● Problem requirements: Your copy of the listing should match it exactly, only without pictures.

● Data section:
+ + + + +

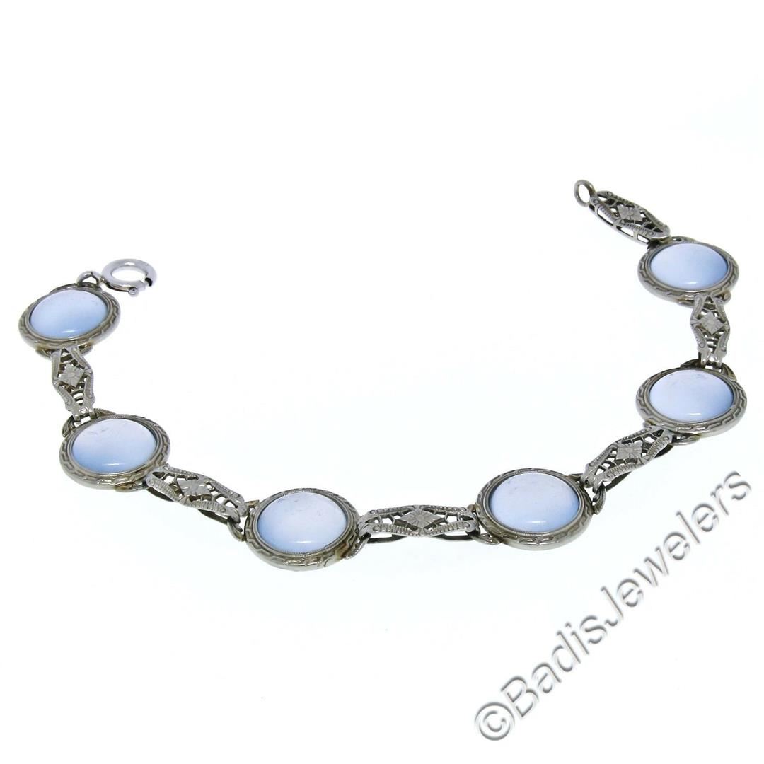 An excellent condition 14kt white gold and platinum topped bracelet with 11mm round cabochon moonstones. It weighs a total of 13.20 grams, measures 14.15mm wide, and measures 7.5 inches in length.
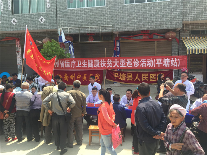 当天下午,由黔南州中医医院和平塘县医院联合组建的健康扶贫大型巡诊医疗服务队(平塘站)义诊服务队一行25人赴距离平塘县城约17公里的平塘县平舟镇农兴村为当地百姓免费提供健康咨询、血压测量,对常见病、多发病进行初步诊断。专家们热情地接待每一位前来咨询的群众,耐心地询问情况,并仔细作体格检查,认真解答每一位百姓的疑难问题。此次义诊活动的开展,方便了边远群众就医,有效缓解贫困群众看病难问题,受到了广大群众的欢迎和赞赏,切实提高了群众的基本医学常识。
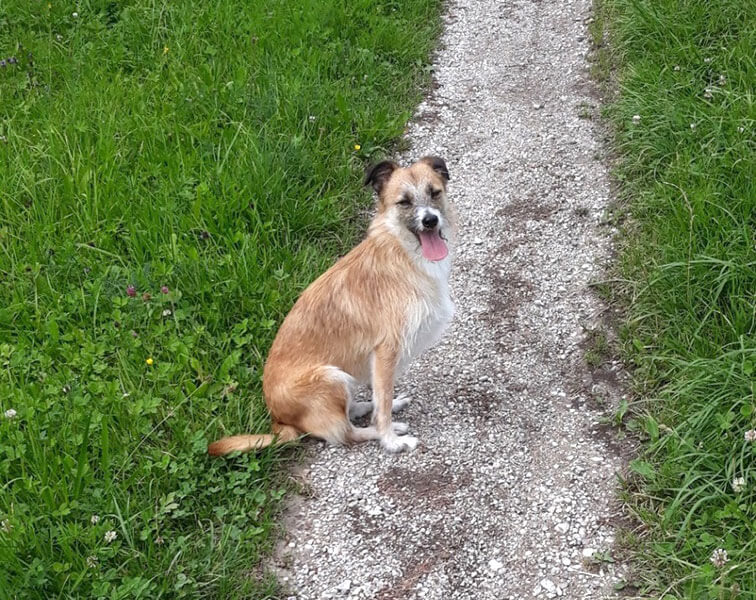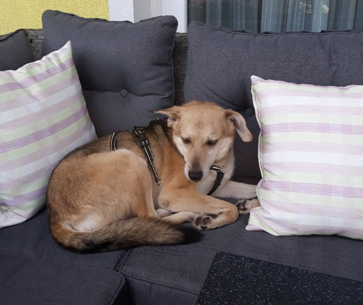 Hope fühlt sich bei meinen Eltern sichtlich wohl, er liegt ganz entspannt auf der Terasse, lässt sich streicheln und chillt.

+ + + + +

● Result for this exercise:
 An excellent condition 14kt white gold and platinum topped bracelet with 11mm round cabochon moonstones. It weighs a total of 13.20 grams, measures 14.15mm wide, and measures 7.5 inches in length.
 当天下午,由黔南州中医医院和平塘县医院联合组建的健康扶贫大型巡诊医疗服务队(平塘站)义诊服务队一行25人赴距离平塘县城约17公里的平塘县平舟镇农兴村为当地百姓免费提供健康咨询、血压测量,对常见病、多发病进行初步诊断。专家们热情地接待每一位前来咨询的群众,耐心地询问情况,并仔细作体格检查,认真解答每一位百姓的疑难问题。此次义诊活动的开展,方便了边远群众就医,有效缓解贫困群众看病难问题,受到了广大群众的欢迎和赞赏,切实提高了群众的基本医学常识。
 Hope fühlt sich bei meinen Eltern sichtlich wohl, er liegt ganz entspannt auf der Terasse, lässt sich streicheln und chillt.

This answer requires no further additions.